• _PROBLEM DETAILS_: With pictures left out, output exactly the lines of the listing below from the line that has "半露天庭園風呂、パテオ半露天" to the line that has "圖為薩迦派辯經(jīng)考試現(xiàn)場", both lines kept.

• _PROVIDED DATA_:

========

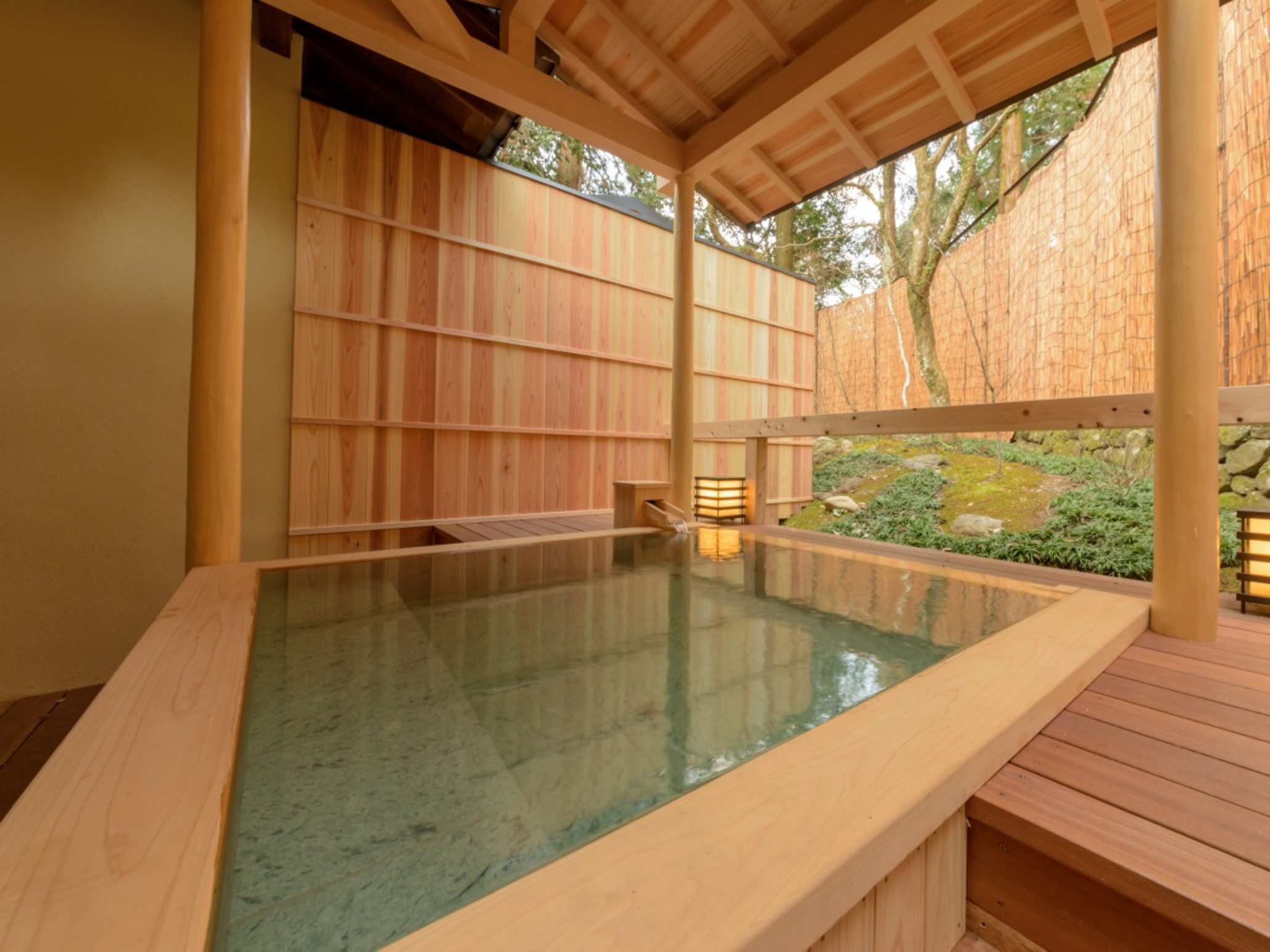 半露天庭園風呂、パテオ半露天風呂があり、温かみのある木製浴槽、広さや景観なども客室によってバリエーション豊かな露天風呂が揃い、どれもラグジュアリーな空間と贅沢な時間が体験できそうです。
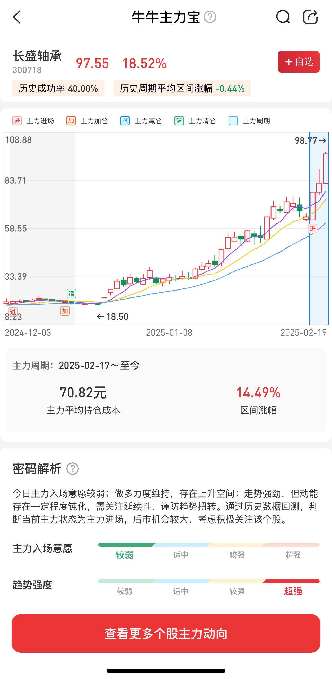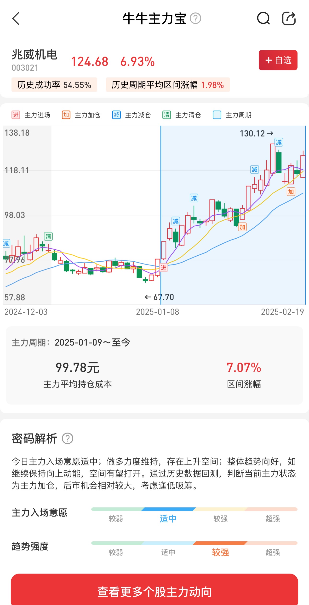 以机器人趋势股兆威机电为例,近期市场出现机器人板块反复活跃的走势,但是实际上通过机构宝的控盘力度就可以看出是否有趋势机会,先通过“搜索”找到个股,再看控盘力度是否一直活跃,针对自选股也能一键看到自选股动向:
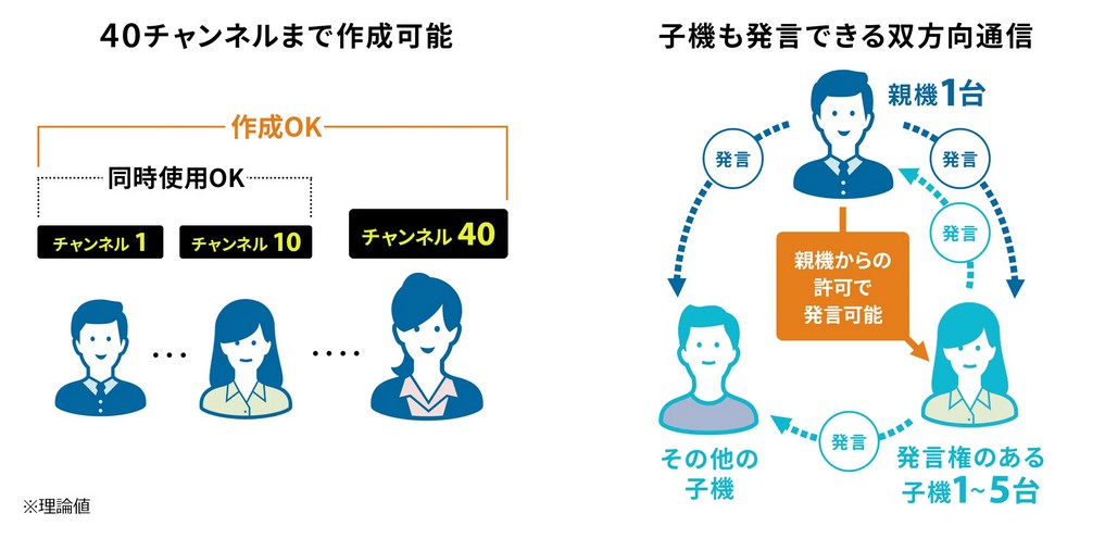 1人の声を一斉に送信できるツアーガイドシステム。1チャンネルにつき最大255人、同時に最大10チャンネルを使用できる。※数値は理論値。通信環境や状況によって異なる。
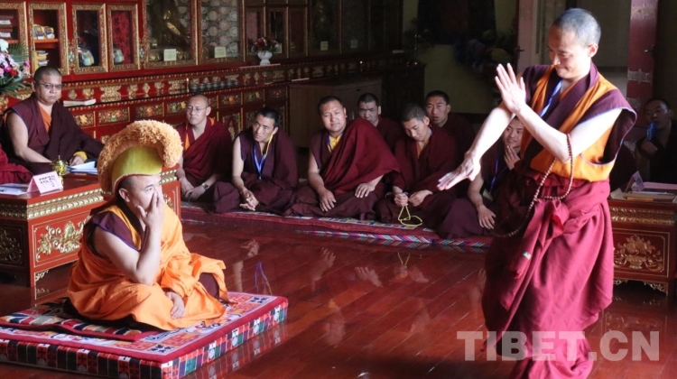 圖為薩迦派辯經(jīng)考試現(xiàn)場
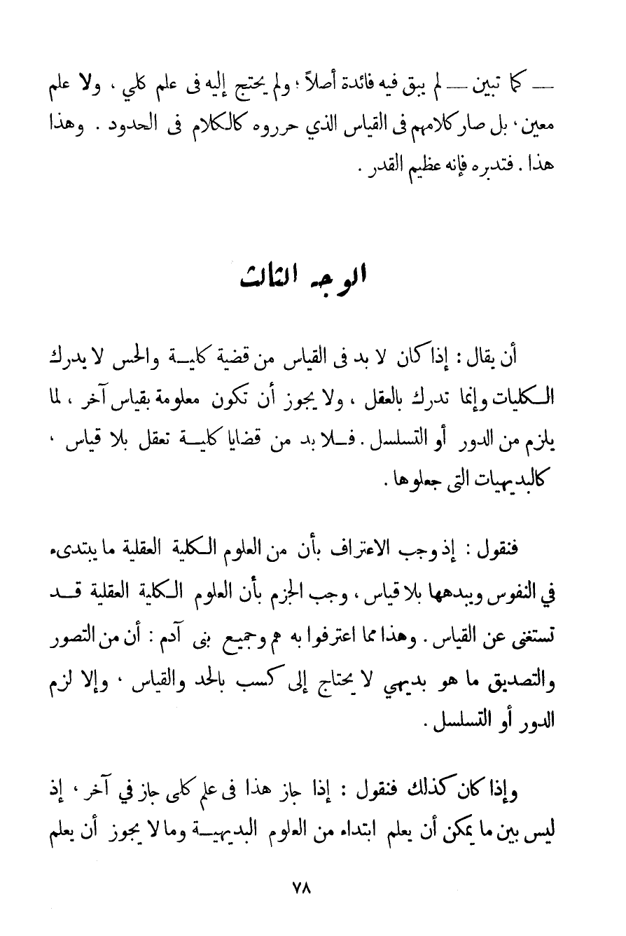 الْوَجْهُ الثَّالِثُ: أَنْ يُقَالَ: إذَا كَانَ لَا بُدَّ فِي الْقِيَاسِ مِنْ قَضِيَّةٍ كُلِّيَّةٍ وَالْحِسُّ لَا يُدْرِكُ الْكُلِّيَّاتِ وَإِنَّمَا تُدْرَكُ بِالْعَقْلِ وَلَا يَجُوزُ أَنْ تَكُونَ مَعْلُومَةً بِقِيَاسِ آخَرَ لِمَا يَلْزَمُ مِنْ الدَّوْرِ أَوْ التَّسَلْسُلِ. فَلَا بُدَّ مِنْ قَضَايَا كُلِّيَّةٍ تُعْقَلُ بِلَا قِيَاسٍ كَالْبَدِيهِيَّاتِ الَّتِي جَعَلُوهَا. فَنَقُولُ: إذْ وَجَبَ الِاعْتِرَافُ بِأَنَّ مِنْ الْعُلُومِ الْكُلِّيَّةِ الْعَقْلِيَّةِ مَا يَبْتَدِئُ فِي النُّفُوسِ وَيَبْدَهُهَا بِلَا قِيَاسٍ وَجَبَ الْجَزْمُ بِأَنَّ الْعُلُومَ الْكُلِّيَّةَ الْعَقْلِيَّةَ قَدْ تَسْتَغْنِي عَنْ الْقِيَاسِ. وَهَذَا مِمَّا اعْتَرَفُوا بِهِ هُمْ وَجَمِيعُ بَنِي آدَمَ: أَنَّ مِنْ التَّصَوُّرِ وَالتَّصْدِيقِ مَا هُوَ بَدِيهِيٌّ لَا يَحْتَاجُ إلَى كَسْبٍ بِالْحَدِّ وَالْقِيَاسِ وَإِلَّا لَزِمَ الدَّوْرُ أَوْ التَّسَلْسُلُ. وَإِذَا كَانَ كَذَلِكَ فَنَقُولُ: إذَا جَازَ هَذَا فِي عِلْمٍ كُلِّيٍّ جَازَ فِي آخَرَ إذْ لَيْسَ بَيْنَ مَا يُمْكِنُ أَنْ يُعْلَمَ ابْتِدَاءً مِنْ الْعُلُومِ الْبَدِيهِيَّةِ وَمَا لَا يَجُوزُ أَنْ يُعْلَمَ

========

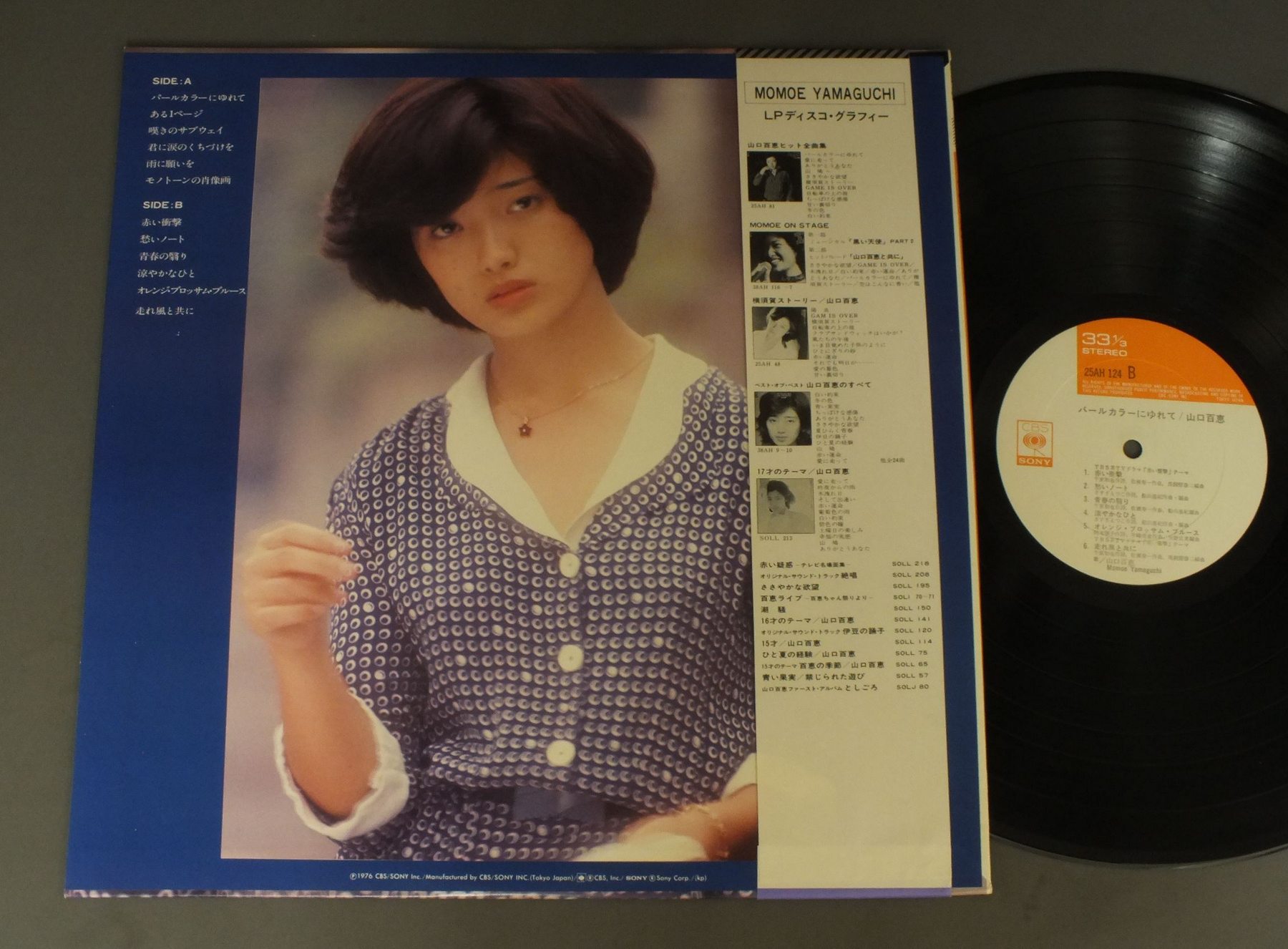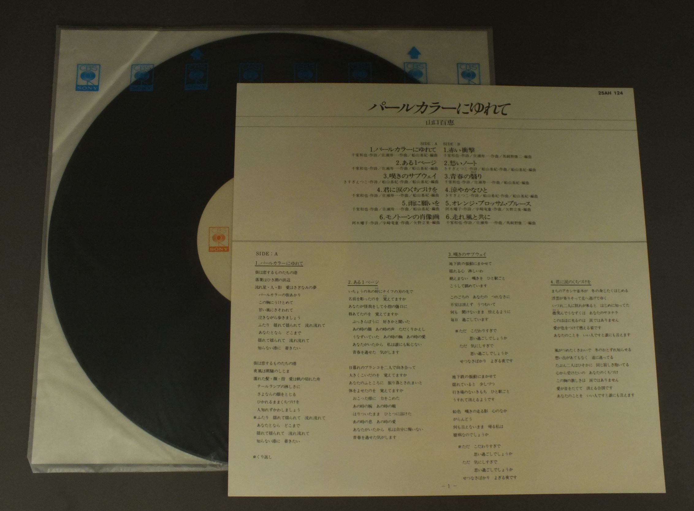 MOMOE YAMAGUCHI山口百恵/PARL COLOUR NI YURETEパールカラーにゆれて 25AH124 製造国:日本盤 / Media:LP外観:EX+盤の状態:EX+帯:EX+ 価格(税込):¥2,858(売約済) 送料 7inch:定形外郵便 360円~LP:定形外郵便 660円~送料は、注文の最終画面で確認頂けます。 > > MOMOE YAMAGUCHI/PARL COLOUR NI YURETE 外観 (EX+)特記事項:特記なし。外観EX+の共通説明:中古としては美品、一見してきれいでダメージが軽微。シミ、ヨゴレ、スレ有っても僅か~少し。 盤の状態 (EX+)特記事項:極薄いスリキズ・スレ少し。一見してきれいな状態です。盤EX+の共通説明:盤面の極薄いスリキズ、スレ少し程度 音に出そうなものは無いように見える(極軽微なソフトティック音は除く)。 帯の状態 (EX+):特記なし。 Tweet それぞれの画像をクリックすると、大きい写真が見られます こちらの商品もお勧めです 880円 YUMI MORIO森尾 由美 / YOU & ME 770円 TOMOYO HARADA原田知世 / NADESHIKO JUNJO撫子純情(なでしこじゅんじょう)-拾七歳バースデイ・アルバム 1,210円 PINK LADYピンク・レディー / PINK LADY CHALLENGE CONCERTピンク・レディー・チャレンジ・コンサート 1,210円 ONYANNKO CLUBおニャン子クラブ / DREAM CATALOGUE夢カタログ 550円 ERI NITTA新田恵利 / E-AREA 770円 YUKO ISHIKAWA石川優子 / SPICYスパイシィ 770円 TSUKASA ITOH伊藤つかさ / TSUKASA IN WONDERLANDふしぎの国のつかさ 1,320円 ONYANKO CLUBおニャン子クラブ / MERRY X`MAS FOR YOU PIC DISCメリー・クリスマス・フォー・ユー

========

• _WRITTEN ANSWER_:
 半露天庭園風呂、パテオ半露天風呂があり、温かみのある木製浴槽、広さや景観なども客室によってバリエーション豊かな露天風呂が揃い、どれもラグジュアリーな空間と贅沢な時間が体験できそうです。
 以机器人趋势股兆威机电为例,近期市场出现机器人板块反复活跃的走势,但是实际上通过机构宝的控盘力度就可以看出是否有趋势机会,先通过“搜索”找到个股,再看控盘力度是否一直活跃,针对自选股也能一键看到自选股动向:
 1人の声を一斉に送信できるツアーガイドシステム。1チャンネルにつき最大255人、同時に最大10チャンネルを使用できる。※数値は理論値。通信環境や状況によって異なる。
 圖為薩迦派辯經(jīng)考試現(xiàn)場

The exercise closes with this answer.